A Randomized Clinical Trial of Cognitive-Behavioral Therapy and Applied Relaxation for Adults With Generalized Anxiety Disorder

Generalized anxiety disorder (GAD) has been reconceptualized from a mild, broad anxiety syndrome to a disabling disorder characterized by excessive, uncontrollable worry. Treatments have evolved from general anxiety-reduction approaches (e.g., applied relaxation) to interventions targeting mechanisms of pathological worry (e.g., CBT protocols). The authors developed a CBT protocol grounded in a cognitive model in which intolerance of uncertainty, positive beliefs about worry, negative problem orientation, and cognitive avoidance maintain GAD. Prior trials showed this CBT superior to wait-list and nondirective therapy, with maintenance and even continued improvement in worry over long-term follow-up. The present study aimed to compare this GAD-specific CBT to an active, directive comparison—applied relaxation (AR)—and to replicate superiority of both active treatments over a wait-list control. Hypotheses: (1) Both CBT and AR would be superior to WL at posttest; (2) CBT would be superior to AR over follow-up; (3) CBT (and not AR) would lead to continued improvement over follow-up. To mitigate allegiance effects, independent assessors were blinded, a therapist without CBT training treated most participants, and experts supervised the therapist in each modality.

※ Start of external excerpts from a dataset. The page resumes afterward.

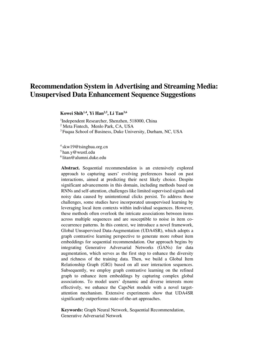 Recommendation System in Advertising and Streaming Media: Unsupervised Data Enhancement Sequence Suggestions
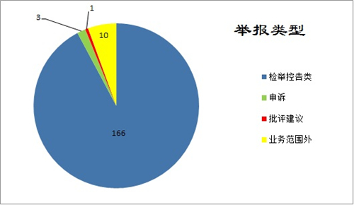 从举报类型来看,检举控告类166件,占92.2%;申诉3件,占1.6%;批评建议1件,占0.6%;业务范围外10件,占5.6%。
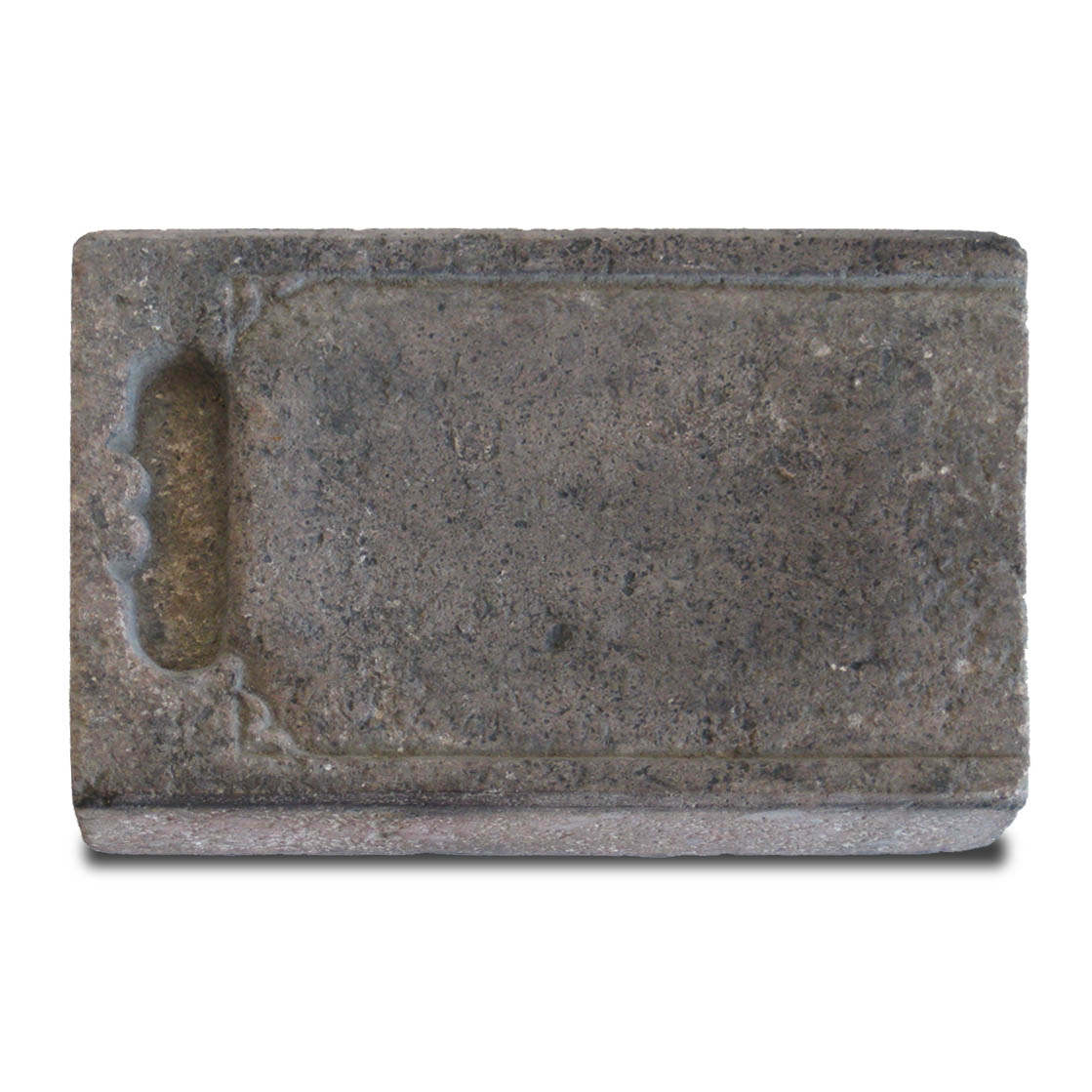 An ancient pink stone piece in the form of an ink stone with elegant simple lines.
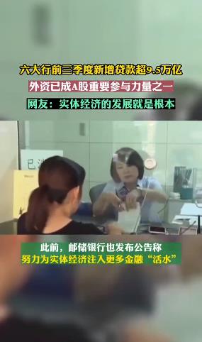 相關數據顯示,工、農、中、建、交、郵儲六大行前三季度新增貸款超9.5萬億。
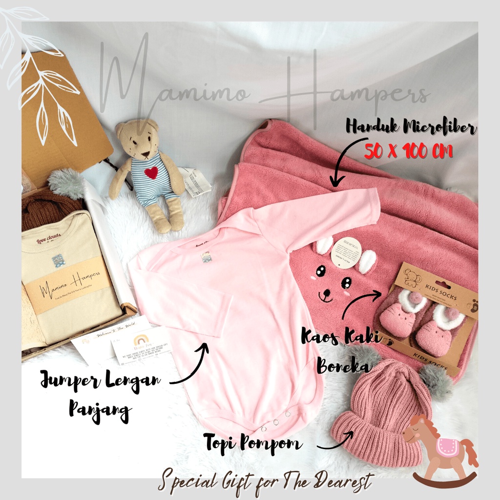 Isi Hampers : - Jumper atau Jumpsuit Polos Lengan Panjang usia 6-12 BULAN - Kaos Kaki Boneka - Handuk Microfiber Uk. 50 x 100 cm - Topi Rajut Pompom
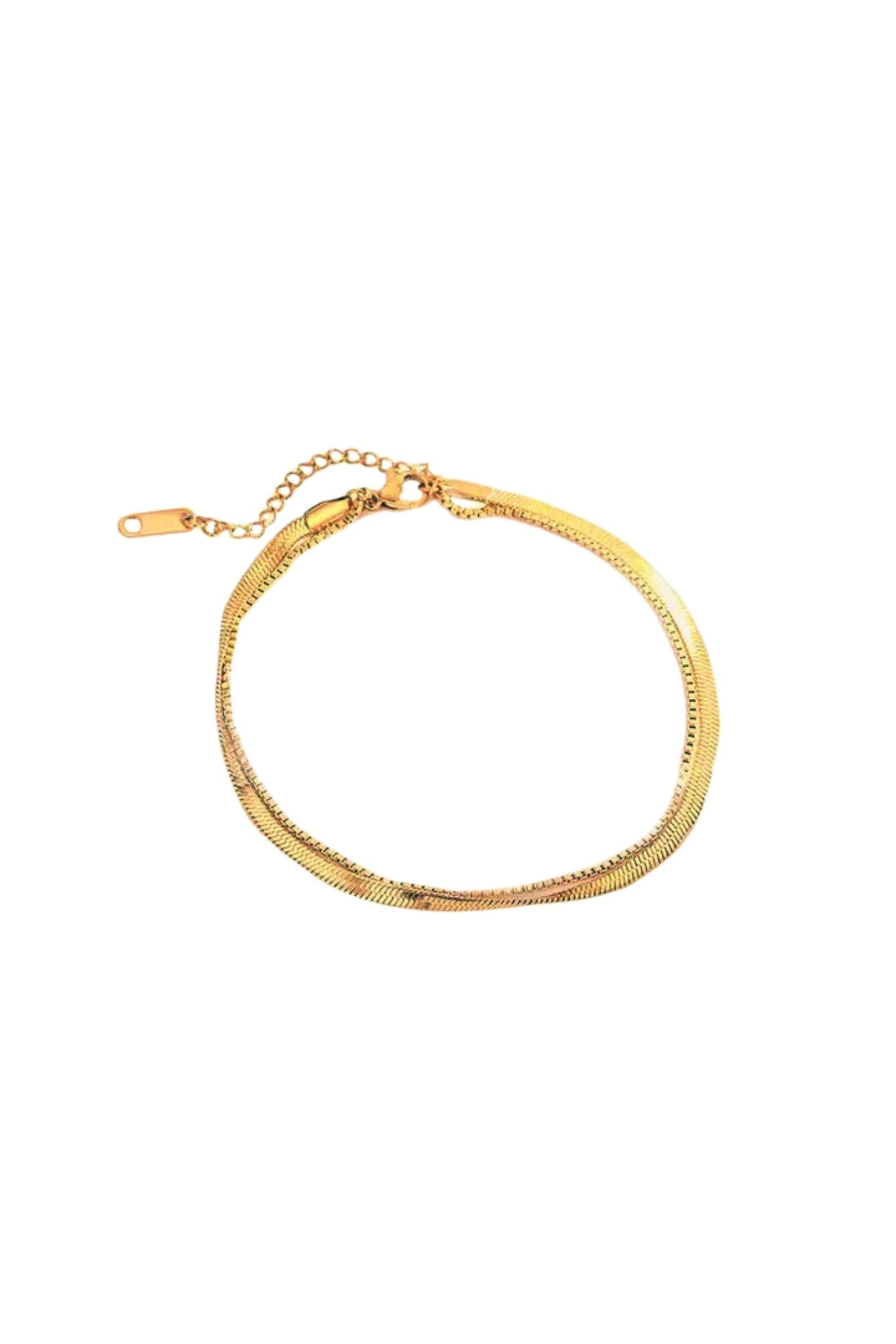 Elevate your look with the Enya 18k Gold Plated Herringbone Chain Anklet. This delicate anklet features a double chain design, exquisitely crafted with 18k gold plating. Elevate any look with this luxurious piece.
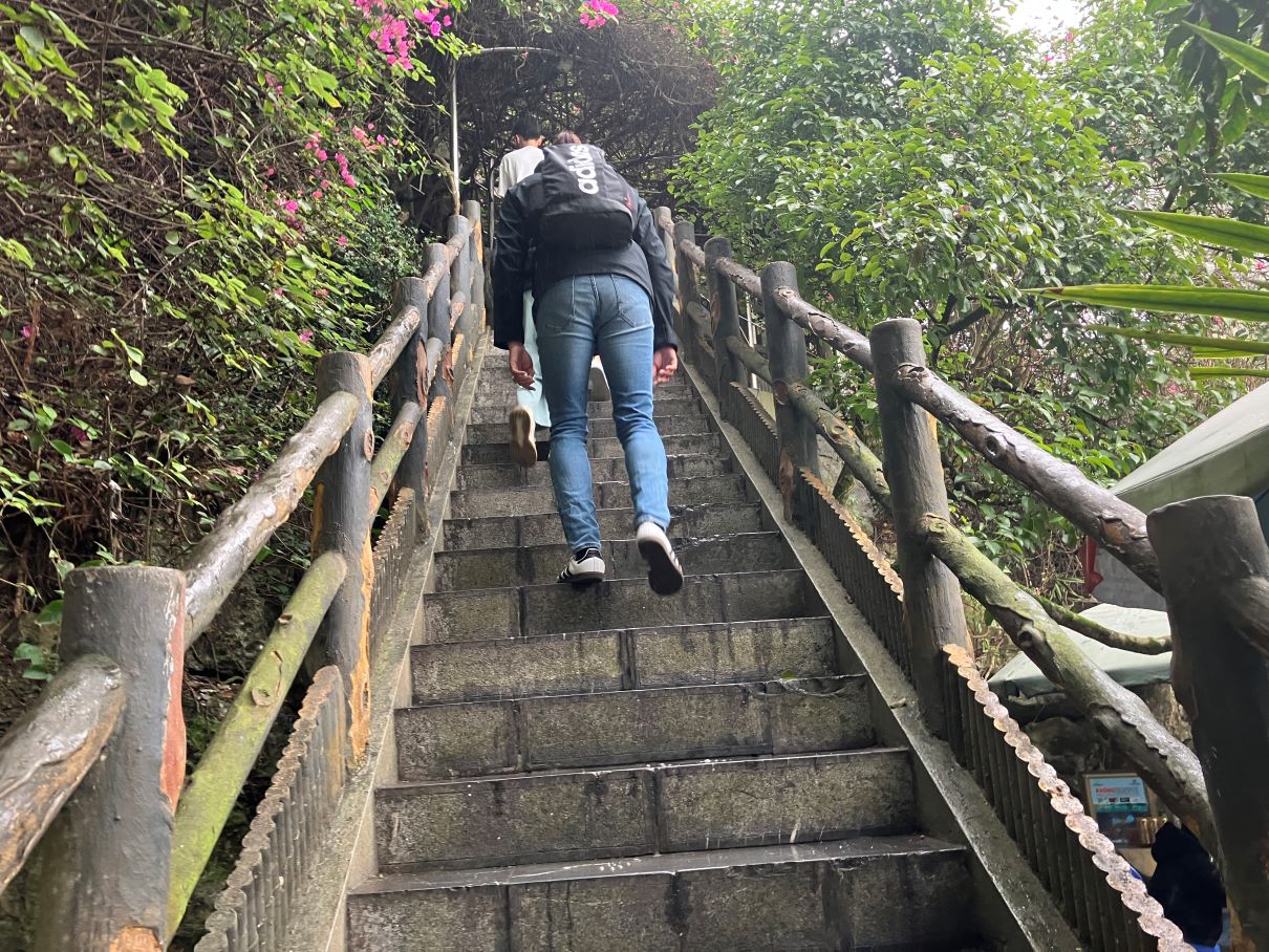 階段をのぼって鍾乳洞の入口へと向かいます。特別、滑りやすい、というわけでもありませんが、濡れているので一応、気をつけて上りましょう
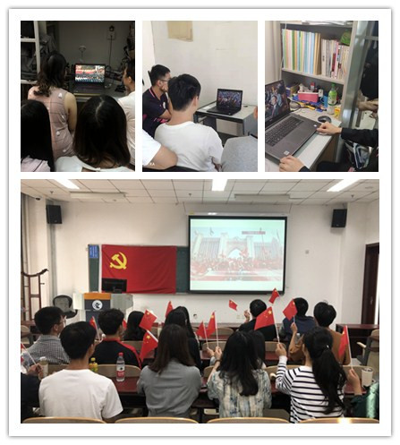 10月1日上午,庆祝中华人民共和国成立70周年大会在天安门广场隆重举行,新葡萄8883官网AMG官网2017、2018、2019本科生联合党支部组织党员及入党积极分子分别在教室、寝室观看直播。
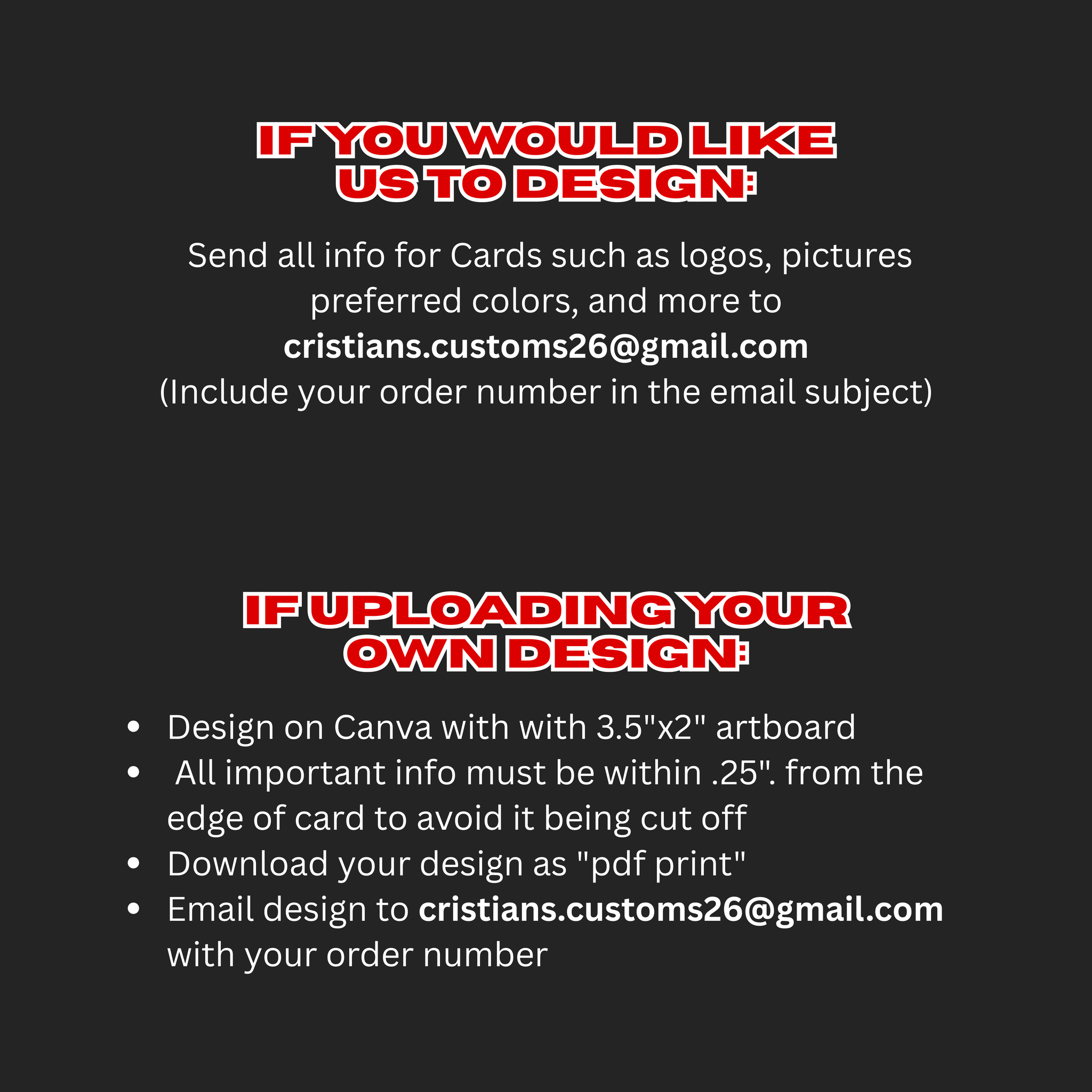 500 Cards / Yes design them for me (+$10) / no

Applied relaxation (AR) has longstanding empirical support for GAD and is considered an empirically supported treatment, with evidence for reducing diagnostic severity, worry, anxiety, depression, and general psychopathology. Few direct comparisons exist between GAD-specific CBT and AR alone; Borkovec and Costello (1993) found CBT and AR equivalent at posttreatment, with maintenance and some evidence of further gains in CBT at follow-up. The authors’ CBT targets intolerance of uncertainty and related cognitive factors, showing superiority to wait-list and nondirective therapy in prior trials, with sustained or continued improvements in worry. The literature suggests AR is effective, but whether GAD-specific CBT offers advantages over AR, especially long-term, remains to be clarified.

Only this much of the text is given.